### WHAT YOU SHOULD DO
Copy the records below, from the line containing "[대구디지털혁신진흥원] 『자동차 데이터" through the last line; leave out pictures.

BEGIN DATA SUPPLIED

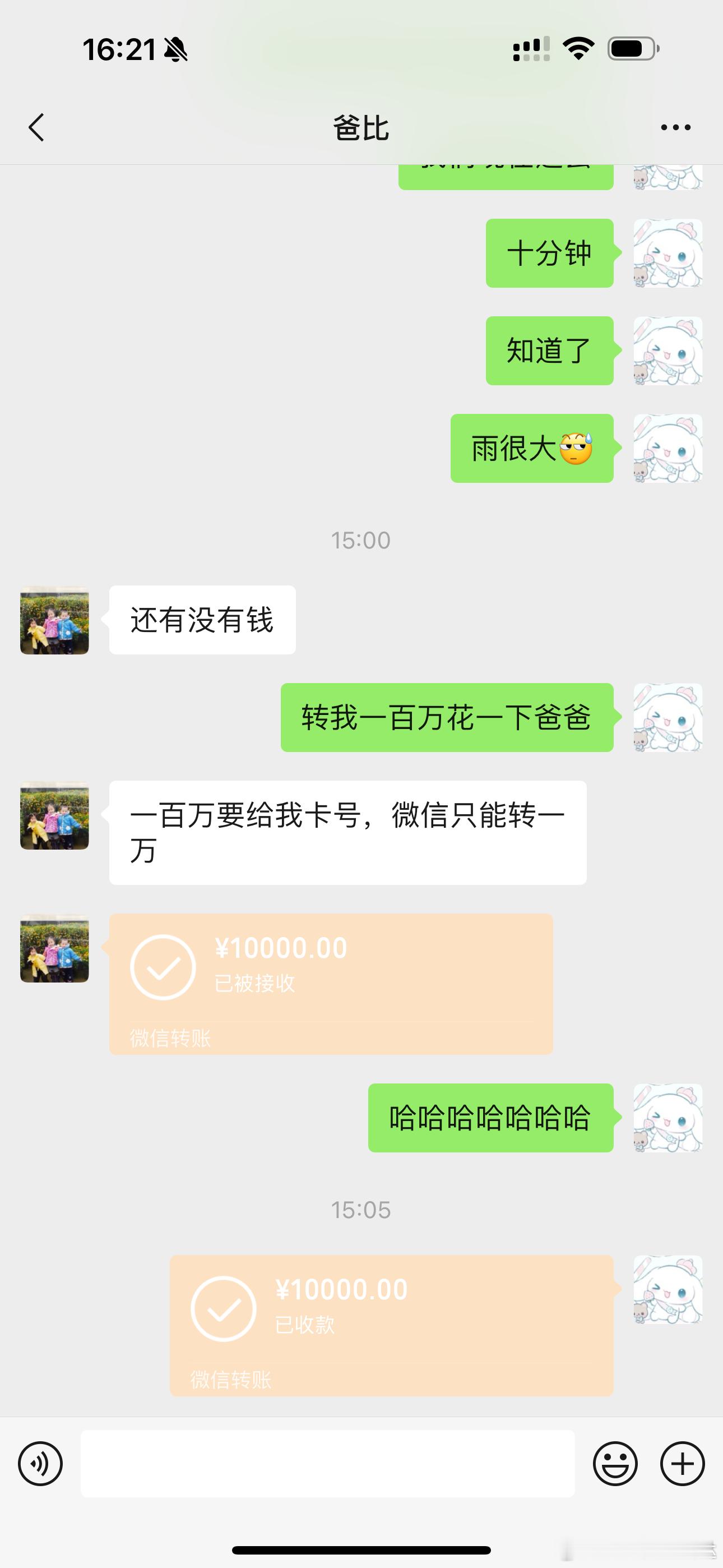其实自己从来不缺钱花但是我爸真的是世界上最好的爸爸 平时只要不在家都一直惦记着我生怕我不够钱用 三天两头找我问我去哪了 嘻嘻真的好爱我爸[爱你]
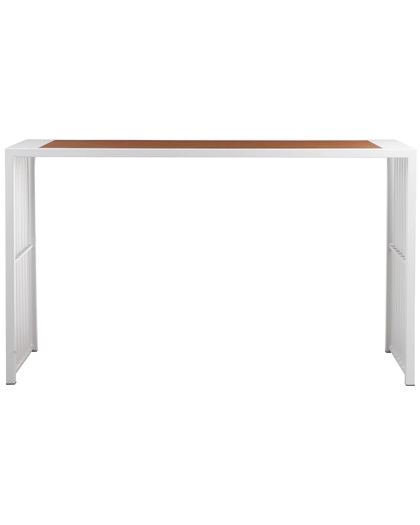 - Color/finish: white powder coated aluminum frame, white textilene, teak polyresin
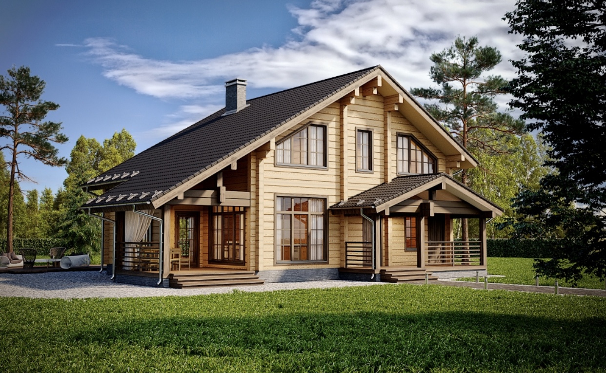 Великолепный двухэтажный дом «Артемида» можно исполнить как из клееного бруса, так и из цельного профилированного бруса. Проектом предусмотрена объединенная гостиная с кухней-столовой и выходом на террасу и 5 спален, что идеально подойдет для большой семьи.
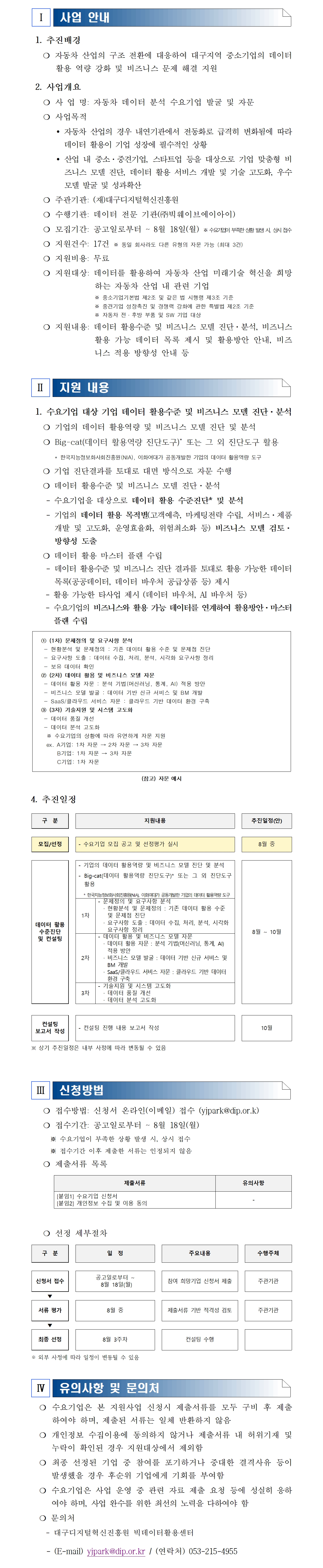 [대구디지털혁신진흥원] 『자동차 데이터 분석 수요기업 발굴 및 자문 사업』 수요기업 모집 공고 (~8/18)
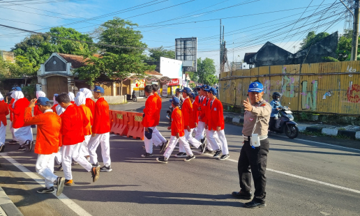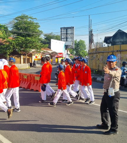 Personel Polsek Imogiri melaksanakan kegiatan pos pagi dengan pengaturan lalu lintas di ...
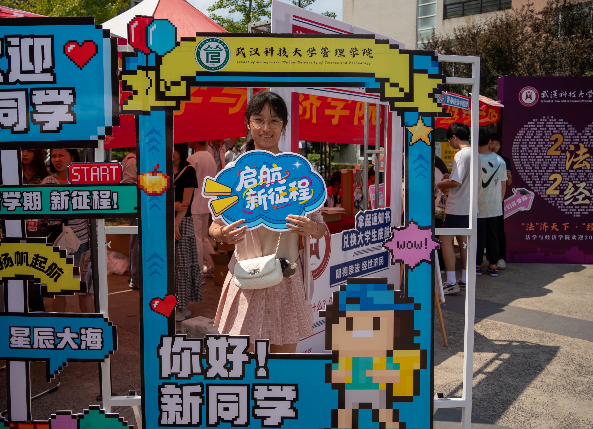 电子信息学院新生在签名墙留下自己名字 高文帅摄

END DATA SUPPLIED

### EXPECTED OUTPUT
 [대구디지털혁신진흥원] 『자동차 데이터 분석 수요기업 발굴 및 자문 사업』 수요기업 모집 공고 (~8/18)
 Personel Polsek Imogiri melaksanakan kegiatan pos pagi dengan pengaturan lalu lintas di ...
 电子信息学院新生在签名墙留下自己名字 高文帅摄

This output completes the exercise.